For full framework see: https://www.publichealth.columbia.edu/file/11492/download?token=bBURLrFC.
In practice, the core concepts are broadly adaptable and can be integrated into health professional education in a wide variety of ways, including, longitudinal integration throughout a degree program, within stand-alone courses, or as a foundation for masters degrees or certificate-based courses [11]. Through coordinated dissemination across institutions and organizations, the core concepts can facilitate the development of common knowledge, skills, ethics and rhetoric among health professionals globally, thereby enabling more coordinated transdisciplinary action. Further, alignment of competencies will allow disparate institutions and programs to track and compare progress, encouraging collaboration and enabling the creation of metrics to gauge national and global climate adaptation. Finally, in addition to the strong foundational and analytical knowledge for which the core concepts provide a guide, learners are expected to contextualize this knowledge within different theories and frameworks, including but not limited to: One Health, Planetary Health, Indigenous Knowledge, collective and transgenerational ethics, humanity’s ethical obligations to the natural world, climate and environmental justice, and traditional knowledge systems.
These concepts, with accompanying resources, can serve as a driver of curricular content, particularly if they are recognized, endorsed and/or promulgated by umbrella organizations involved in accreditation and standardized testing. On the institutional level, they can strengthen advocacy on behalf of new student and faculty-run endeavors and create more harmonized capacity building within and among health professions.

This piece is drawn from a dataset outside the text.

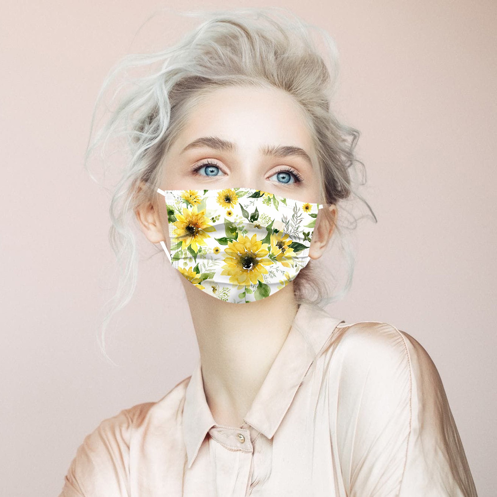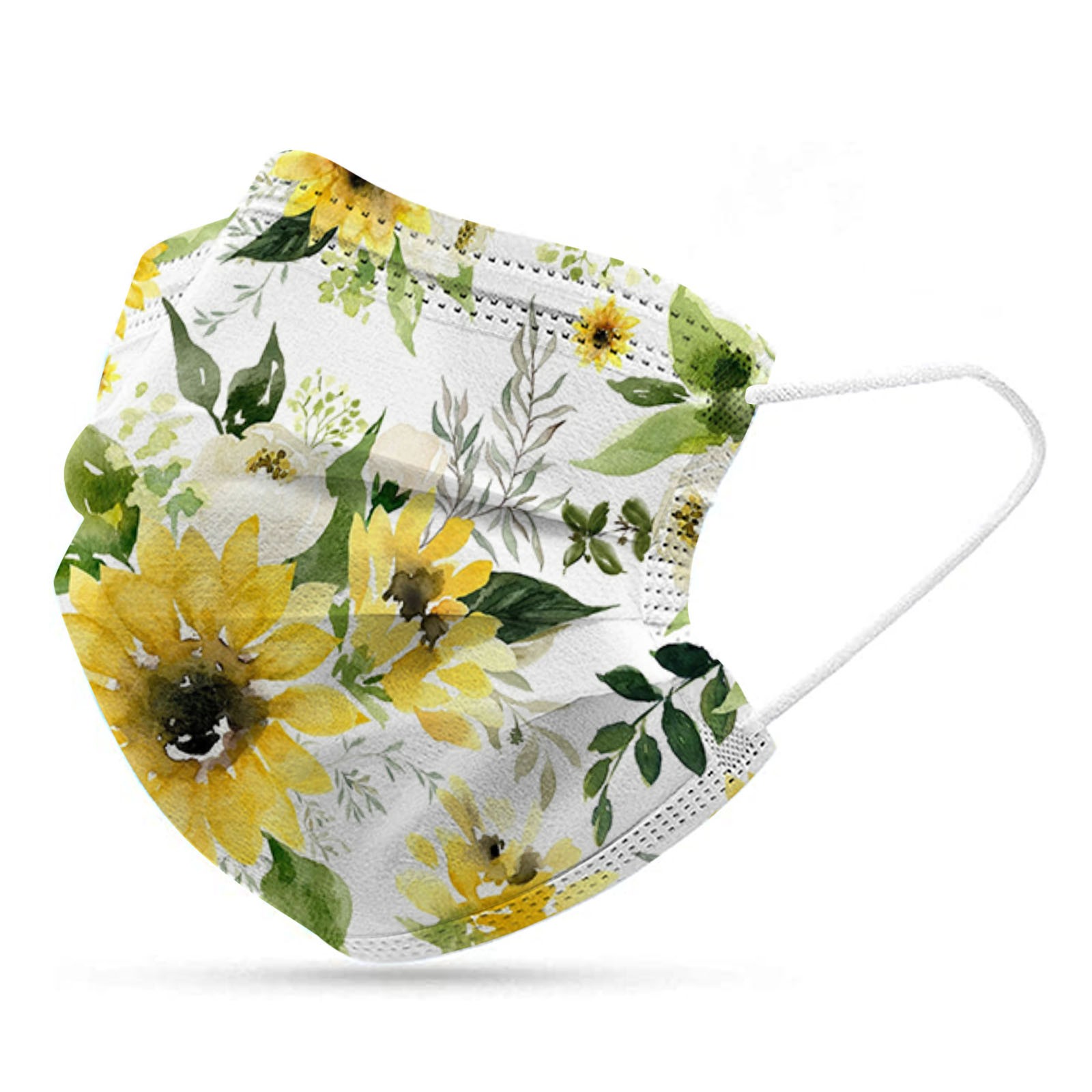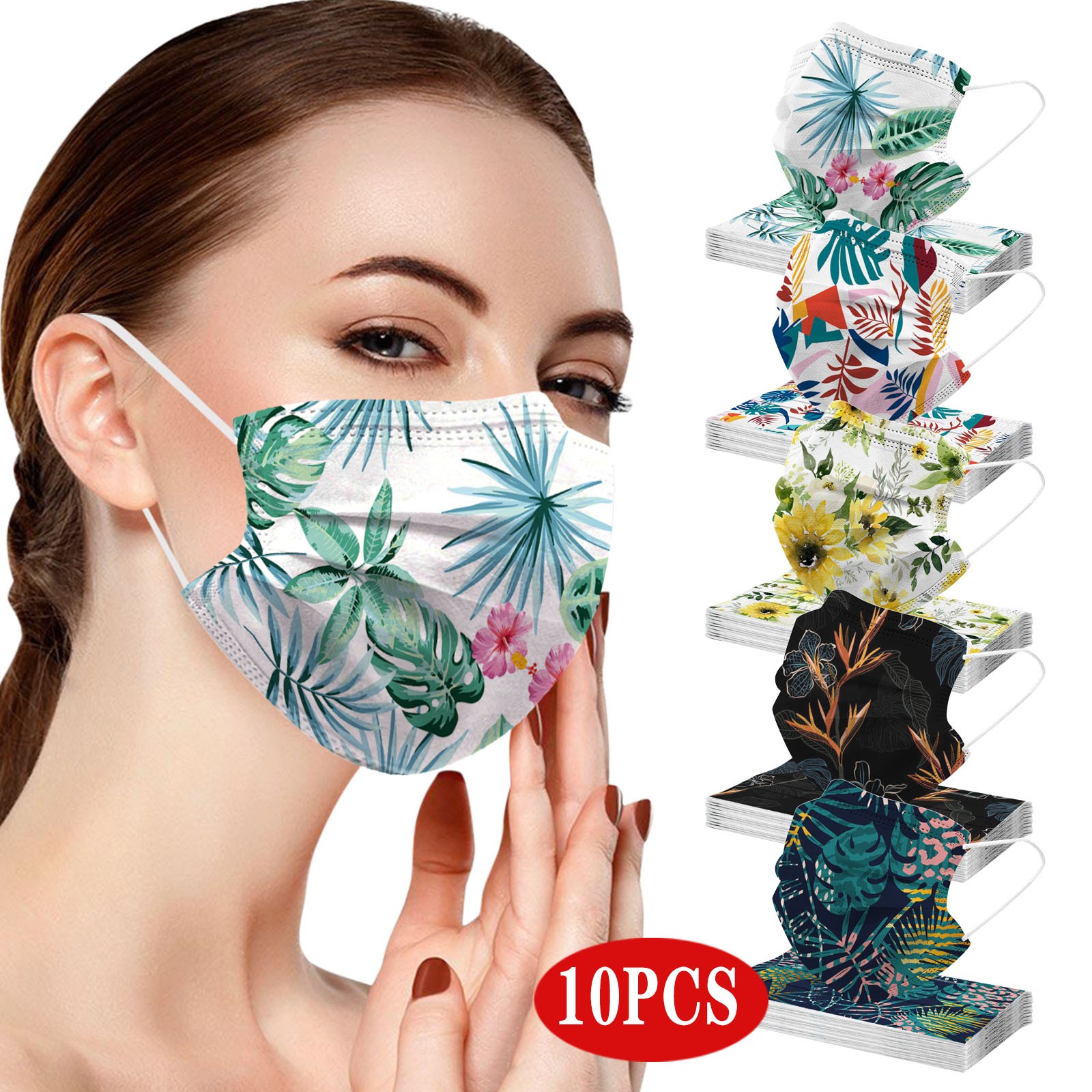 10 шт. взрослых Летние повседневные красивый кардиган, с цветочным принтом, 3-Слои одноразовая маска для лица

Coordinated, extensive health professional capacity must be built globally to tackle rapid environmental change, which is undermining health equity, access to healthcare, environmental justice, and other social and structural determinants of health. Our hope is that these concepts, with accompanying resources that are available through the GCCHE, can promote top-down as well as bottom-up action to build the capacity of tomorrow’s public health professionals to respond to climate change in a robust and coordained fashion. We as health professionals have a once in a generation opportunity to confront this crisis and create positive change. Education is our most powerful tool. We invite you to join us in disseminating and adopting these concepts.